Pedro França/Agência Senado
Brasília - Congresso - Congresso Nacional Poder Legislativo
Texto ainda precisa ser votado pelos plenários da Câmara e do Senado até o dia 3 de junho

A medida prorrogou até 4 de dezembro de 2020 o prazo de pagamento da gratificação de representação de gabinete e da gratificação temporária a servidores ou empregados de outros órgãos que estejam trabalhando na AGU. O prazo para as gratificações se encerraria no dia 31 de janeiro deste ano, dia em que o Executivo editou a MP.
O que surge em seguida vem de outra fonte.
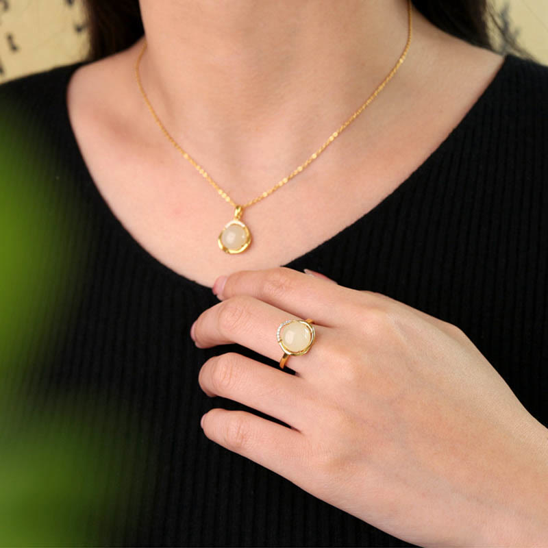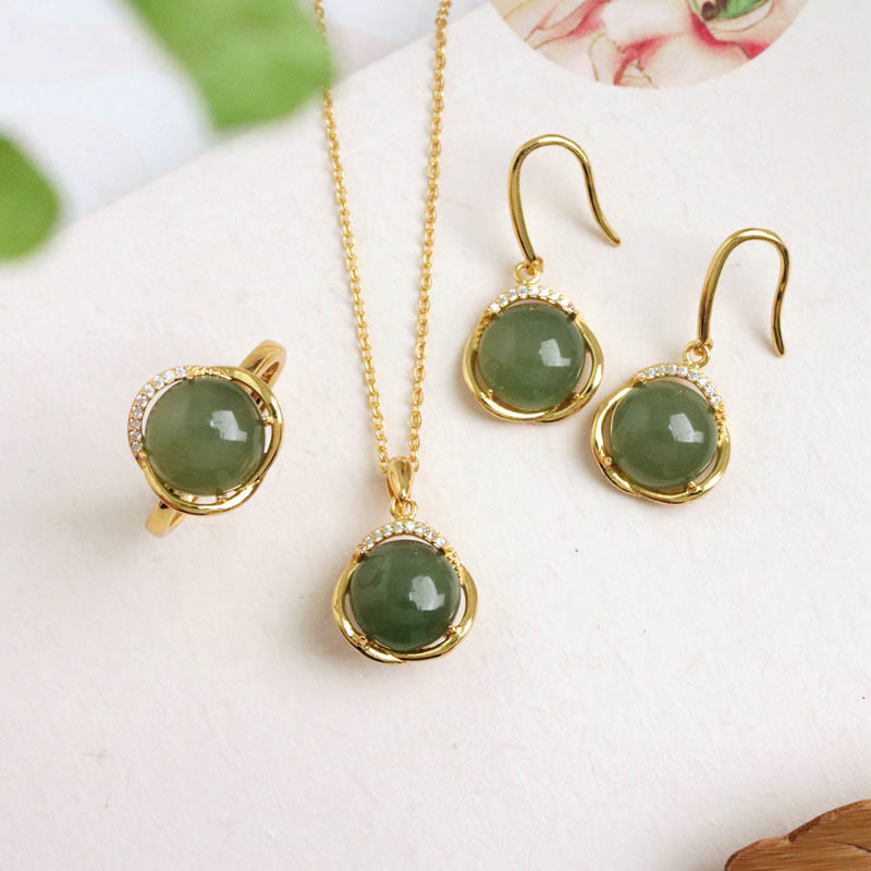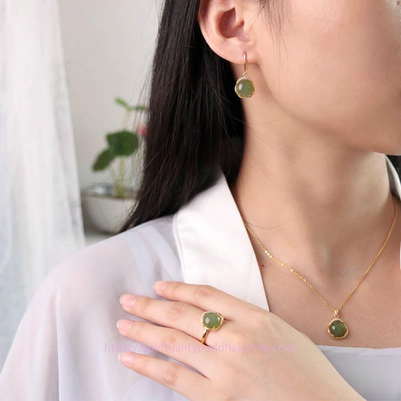 White and Cyan Jade set features natural Hetian white jade and cyan jade, symbolizing protection and harmony. This set includes a necklace pendant, ring, and earrings, crafted from 925 sterling silver. The white jade promotes purity and tranquility, while the cyan jade offers protection and balance. Ideal for those seeking to enhance their spiritual journey with positive energy and inner peace.
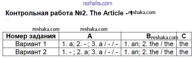 Решака - онлайн ответы Английский язык Кулинич за 4 класс Контрольно-измерительные материалы (КИМ) ФГОС 2018 - КР №2. The Article - 1
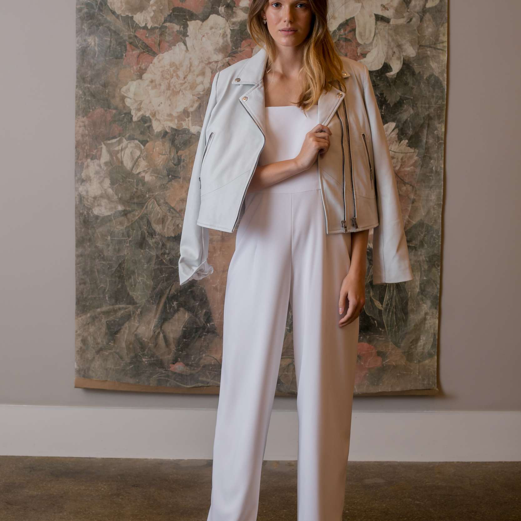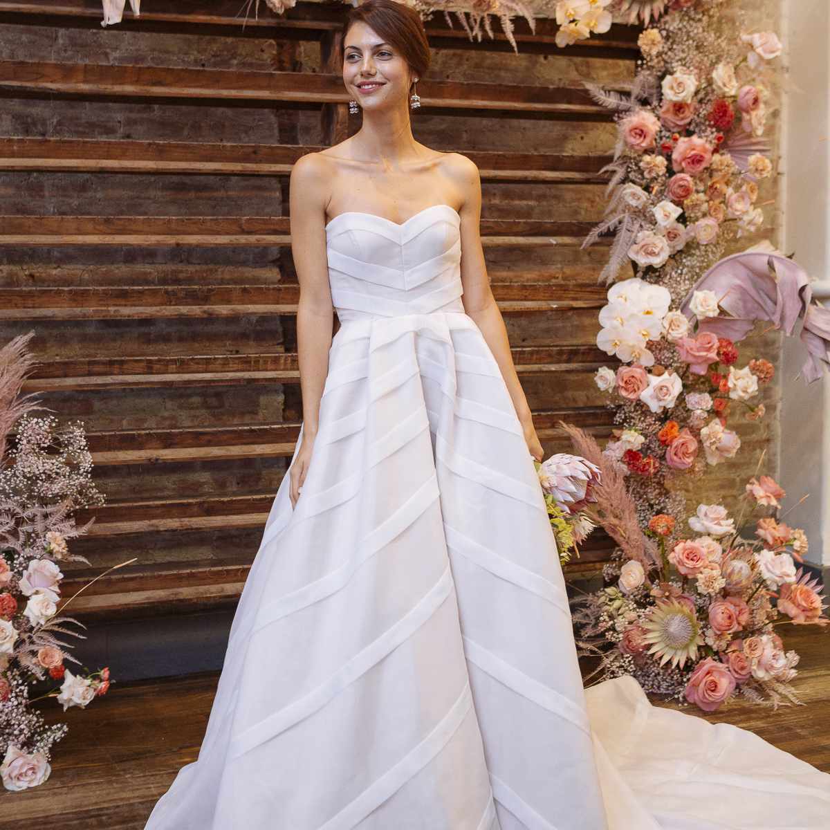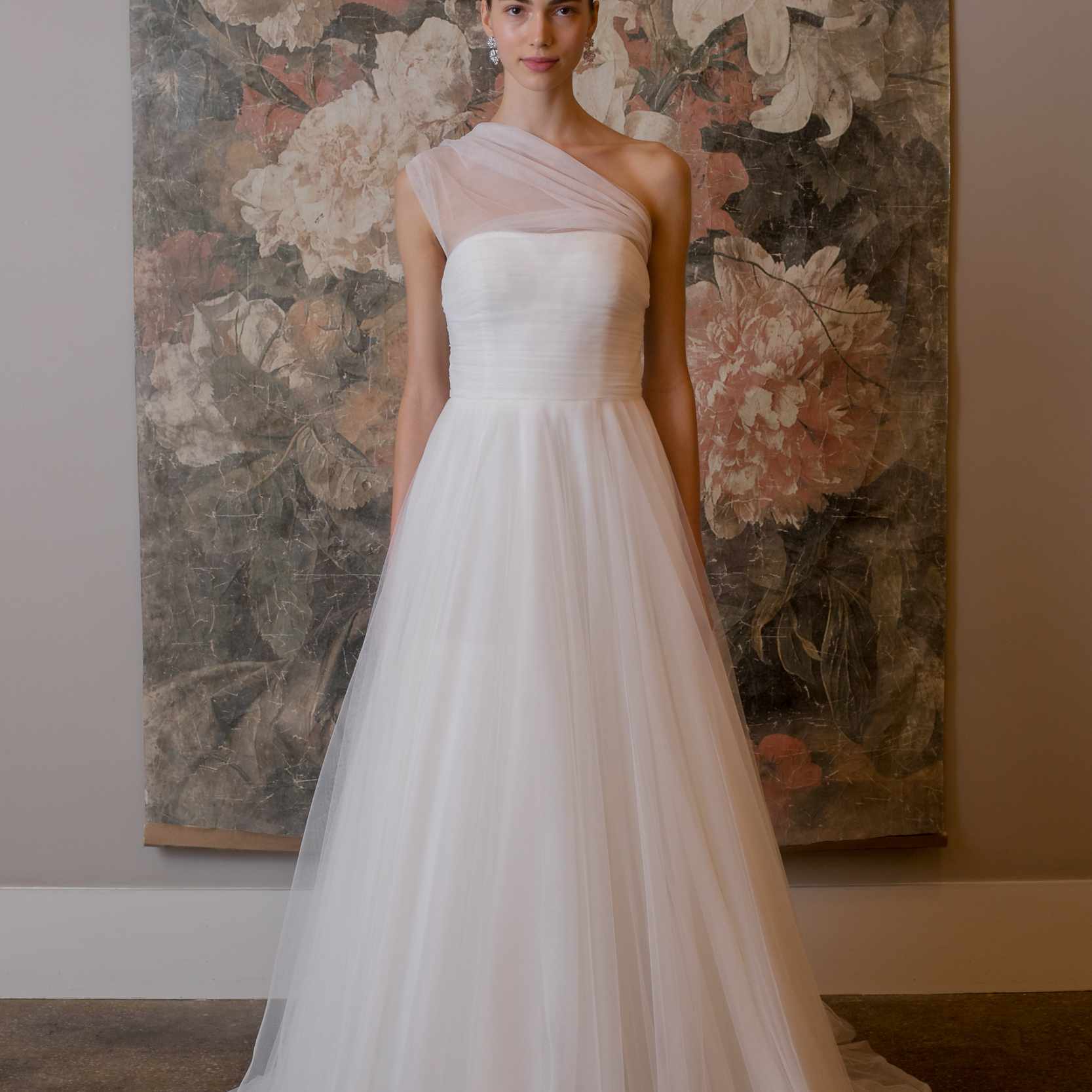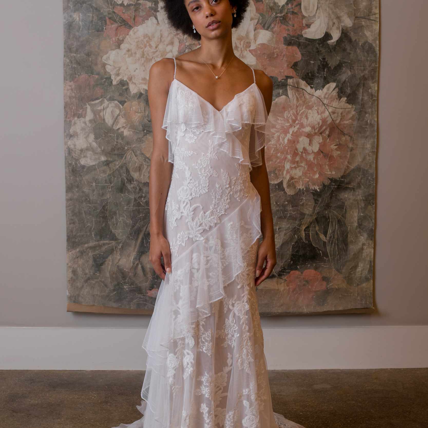 “Cera”a字婚纱与意大利细肩带和薄纱裙由Amsale。
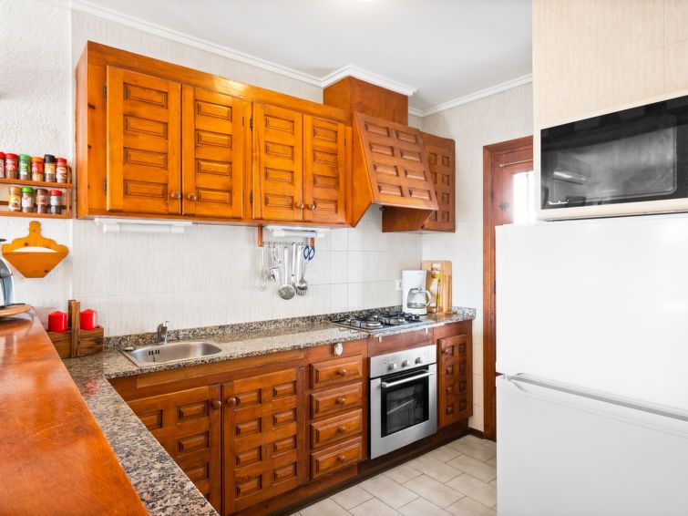 "Casita Blanca", 4-room terraced house 90 m2 on 2 levels. Beautiful and cosy furnishings: living/dining room with satellite TV and air conditioning. Exit to the veranda. 1 room with 1 french bed (1 x 140 cm, length 200 cm). 1 room with 1 french bed (1 x 140 cm, length 200 cm). Open kitchen (4 hot plates, oven, Gas stove, toaster, kettle, microwave, freezer, electric coffee machine).
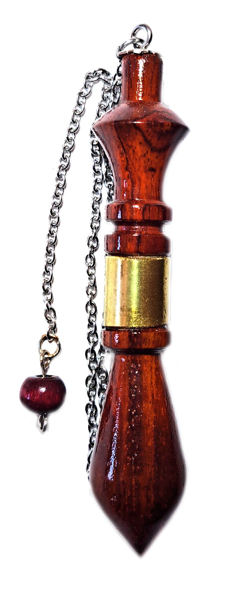 Péndulo de madera exótica perfectamente equilibrado de gran sensibilidad radiestésica a las vibraciones más sutiles. La alta precisión de este péndulo, permite la determinación precisa de las energías más sutiles, Utilizado en Radiestesia, Sanación o Adivinación, Fabricado en madera y metal, para conferirle un acabado de lo más lujoso.
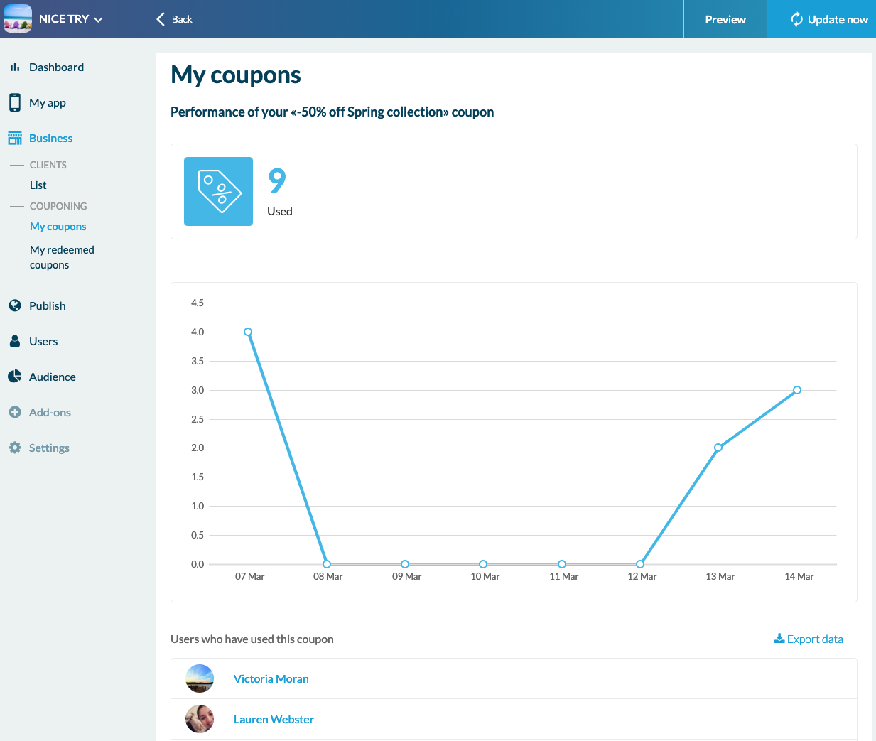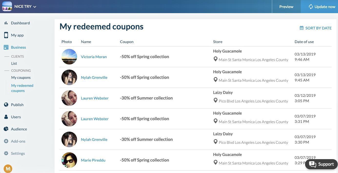 En el backend de su aplicación, Negocios> Cupones> Mis cupones
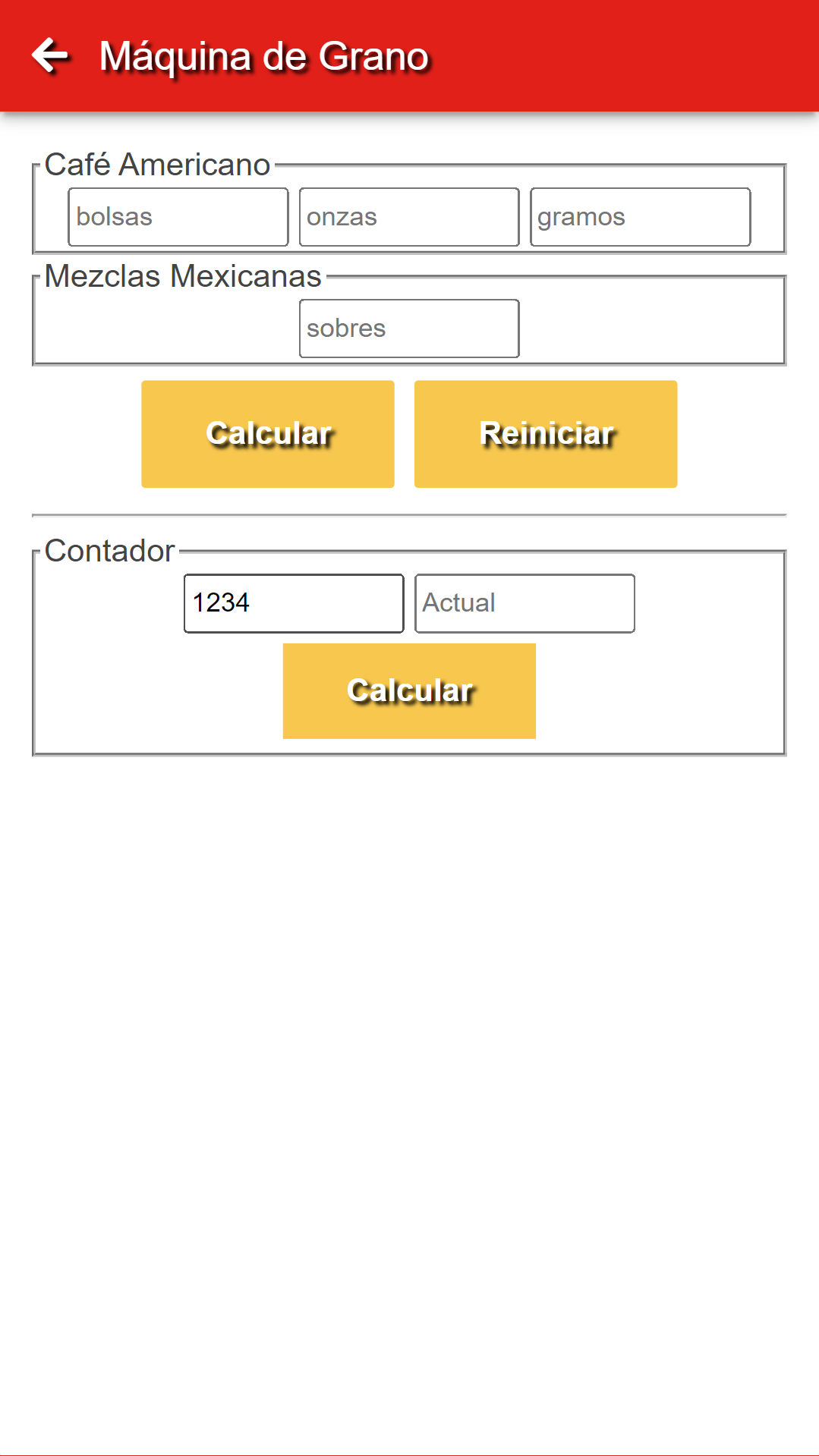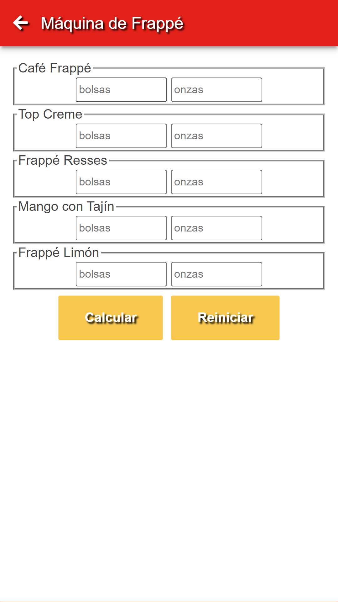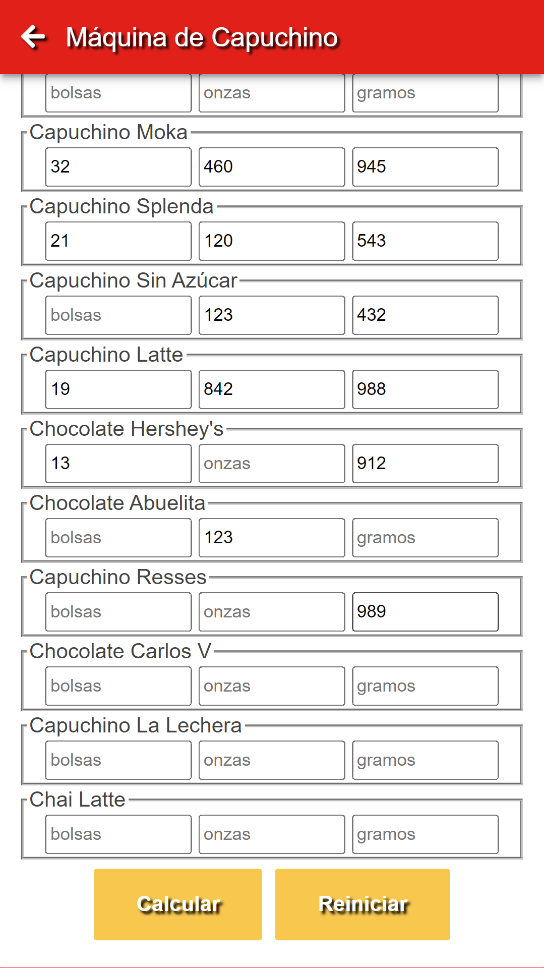 Es una sencilla aplicación PWA para calcular el total de onzas que se pueden preparar sumando la cantidad de polvo representada en la maquina de capuchino, bolsas cerradas y el peso de las bolsas abiertas. Pensada para lideres de tienda de OXXO.

De acordo com o governo federal, a prorrogação foi necessária para assegurar a continuidade do serviço da AGU, que enfrenta carência de pessoal. A situação, segundo o Executivo, tende a se agravar ainda mais porque há expectativa elevada de aposentadorias nos próximos anos.

Segurança
O texto também incluiu os integrantes da Secretaria Nacional de Segurança Pública (Senasp) vindos do Ministério da Justiça e Segurança Pública entre os que poderão ser representados pela AGU em casos de investigação ou processo judicial.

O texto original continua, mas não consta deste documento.